--- RECORDS FOR THIS EXERCISE ---
:::
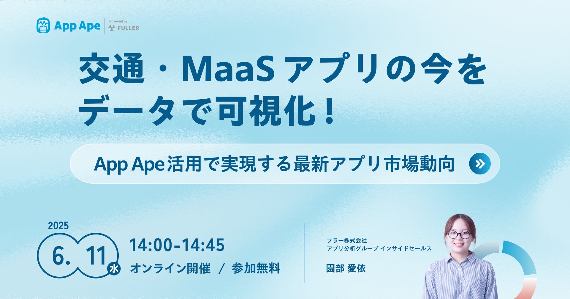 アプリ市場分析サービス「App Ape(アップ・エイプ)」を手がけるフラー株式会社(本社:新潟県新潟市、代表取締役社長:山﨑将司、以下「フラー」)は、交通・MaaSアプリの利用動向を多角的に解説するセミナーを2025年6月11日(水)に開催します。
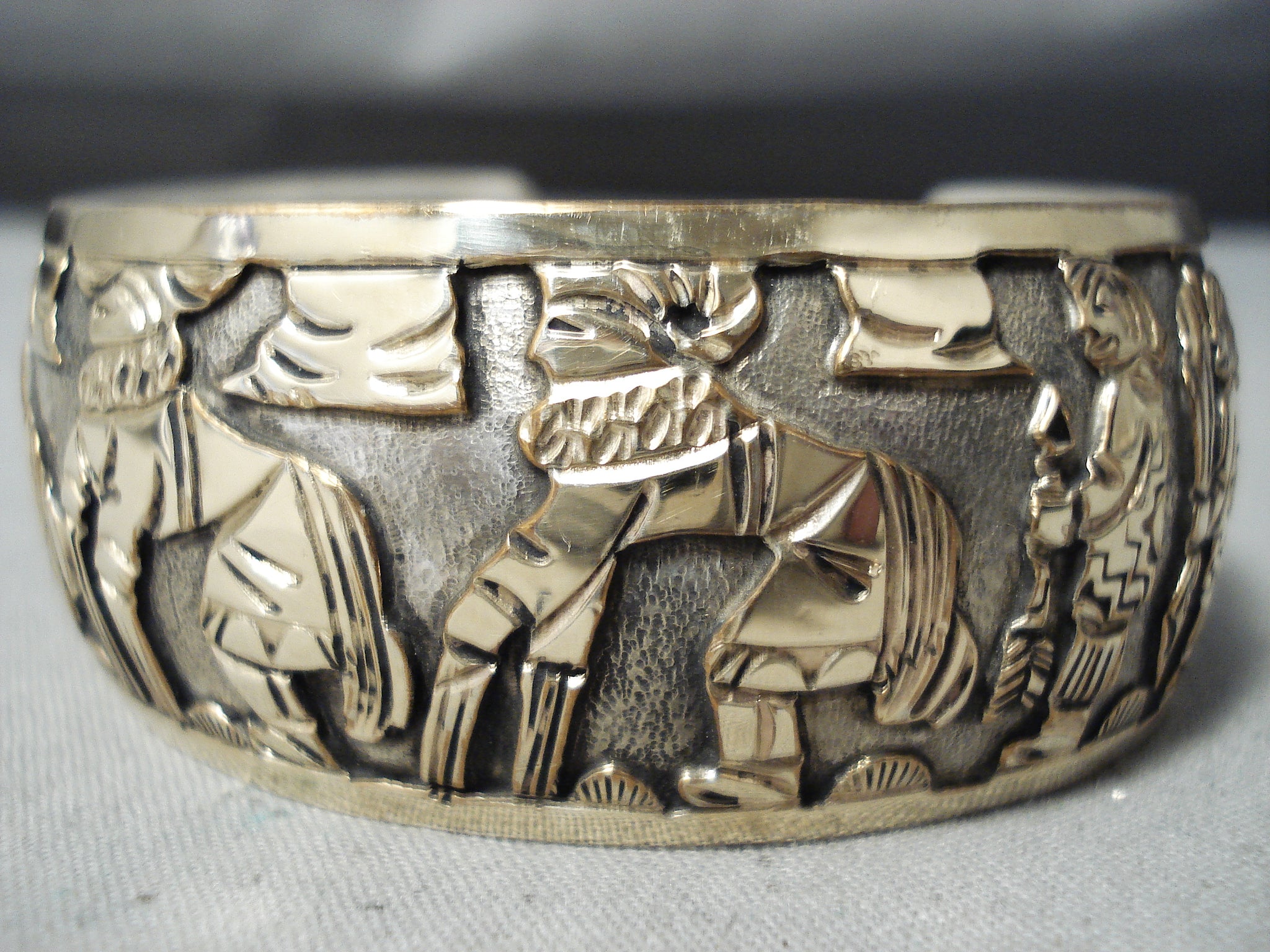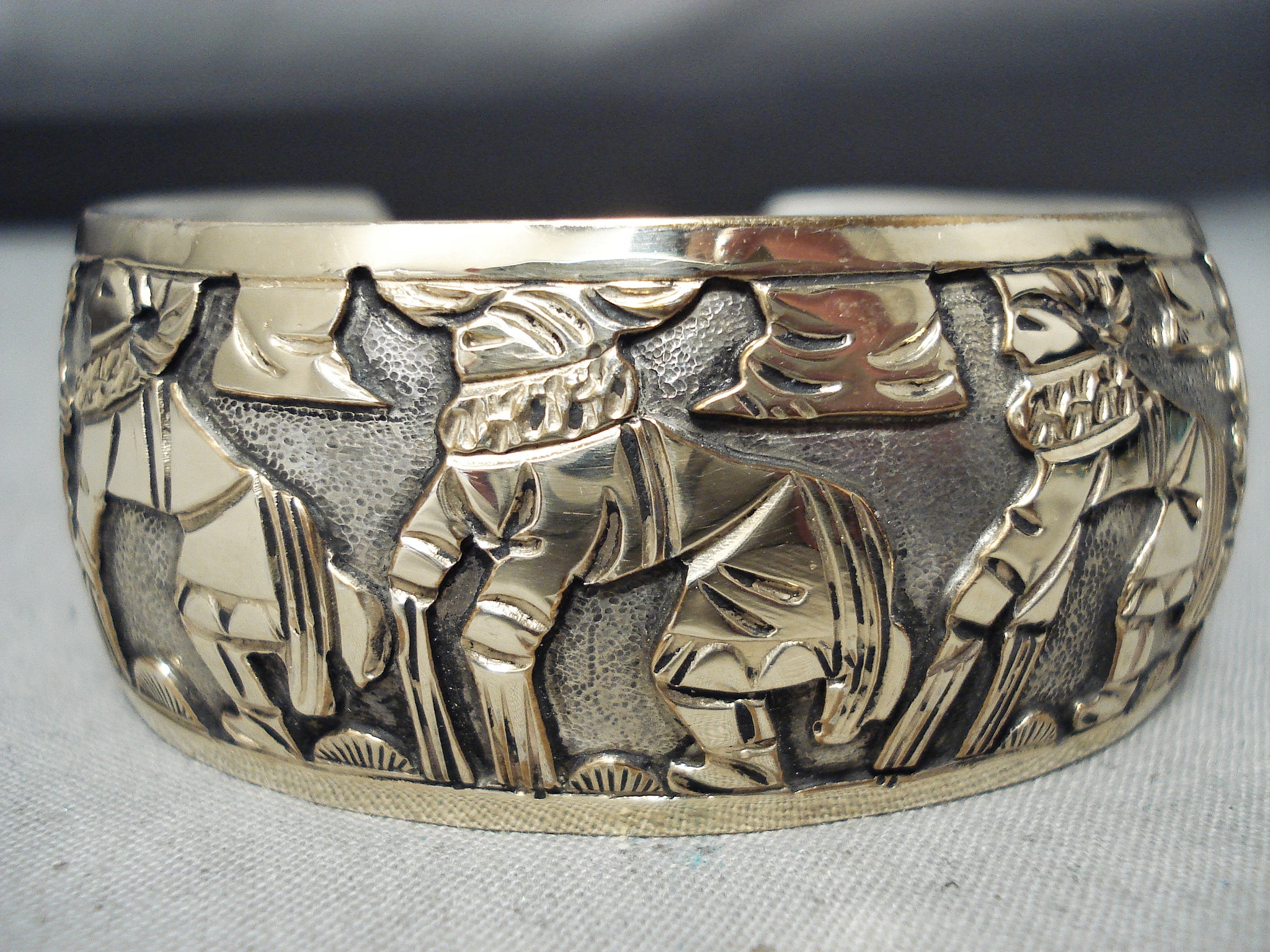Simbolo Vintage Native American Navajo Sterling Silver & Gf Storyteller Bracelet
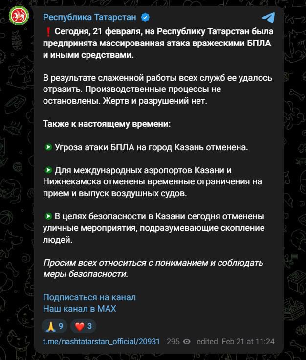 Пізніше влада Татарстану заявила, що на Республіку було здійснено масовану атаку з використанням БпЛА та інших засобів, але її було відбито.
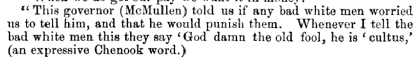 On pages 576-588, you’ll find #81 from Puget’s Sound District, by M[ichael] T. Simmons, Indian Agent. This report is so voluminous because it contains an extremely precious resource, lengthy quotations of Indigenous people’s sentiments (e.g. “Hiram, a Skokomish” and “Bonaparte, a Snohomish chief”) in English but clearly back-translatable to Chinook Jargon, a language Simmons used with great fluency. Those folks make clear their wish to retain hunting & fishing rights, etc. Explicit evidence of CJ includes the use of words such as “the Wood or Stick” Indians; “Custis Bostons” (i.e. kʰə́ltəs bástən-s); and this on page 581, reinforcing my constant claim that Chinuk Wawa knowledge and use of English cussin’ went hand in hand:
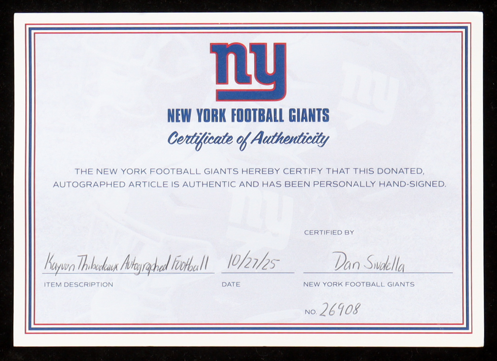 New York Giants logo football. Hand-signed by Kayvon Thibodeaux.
:::
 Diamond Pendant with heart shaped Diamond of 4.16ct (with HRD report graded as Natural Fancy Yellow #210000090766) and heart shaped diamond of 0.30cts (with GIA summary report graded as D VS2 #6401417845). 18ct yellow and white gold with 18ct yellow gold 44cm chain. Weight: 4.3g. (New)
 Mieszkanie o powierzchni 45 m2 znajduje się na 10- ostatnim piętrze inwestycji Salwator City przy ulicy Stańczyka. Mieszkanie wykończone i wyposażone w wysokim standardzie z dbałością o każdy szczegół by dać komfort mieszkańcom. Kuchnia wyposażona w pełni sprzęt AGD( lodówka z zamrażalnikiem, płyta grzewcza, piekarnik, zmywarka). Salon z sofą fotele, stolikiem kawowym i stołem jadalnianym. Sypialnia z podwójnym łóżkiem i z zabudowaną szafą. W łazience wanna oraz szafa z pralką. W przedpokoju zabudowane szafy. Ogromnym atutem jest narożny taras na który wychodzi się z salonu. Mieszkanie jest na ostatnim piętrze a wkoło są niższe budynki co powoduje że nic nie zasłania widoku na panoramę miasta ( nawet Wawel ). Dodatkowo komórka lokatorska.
:::
--- PROBLEM REQUIREMENTS ---
Copy exactly the lines of the entries above from the one containing "アプリ市場分析サービス「Ap" through the one containing "Пізніше влада Татарстану". Both end lines count; pictures do not.

--- RESPONSE FOR THIS EXERCISE ---
 アプリ市場分析サービス「App Ape(アップ・エイプ)」を手がけるフラー株式会社(本社:新潟県新潟市、代表取締役社長:山﨑将司、以下「フラー」)は、交通・MaaSアプリの利用動向を多角的に解説するセミナーを2025年6月11日(水)に開催します。
Simbolo Vintage Native American Navajo Sterling Silver & Gf Storyteller Bracelet
 Пізніше влада Татарстану заявила, що на Республіку було здійснено масовану атаку з використанням БпЛА та інших засобів, але її було відбито.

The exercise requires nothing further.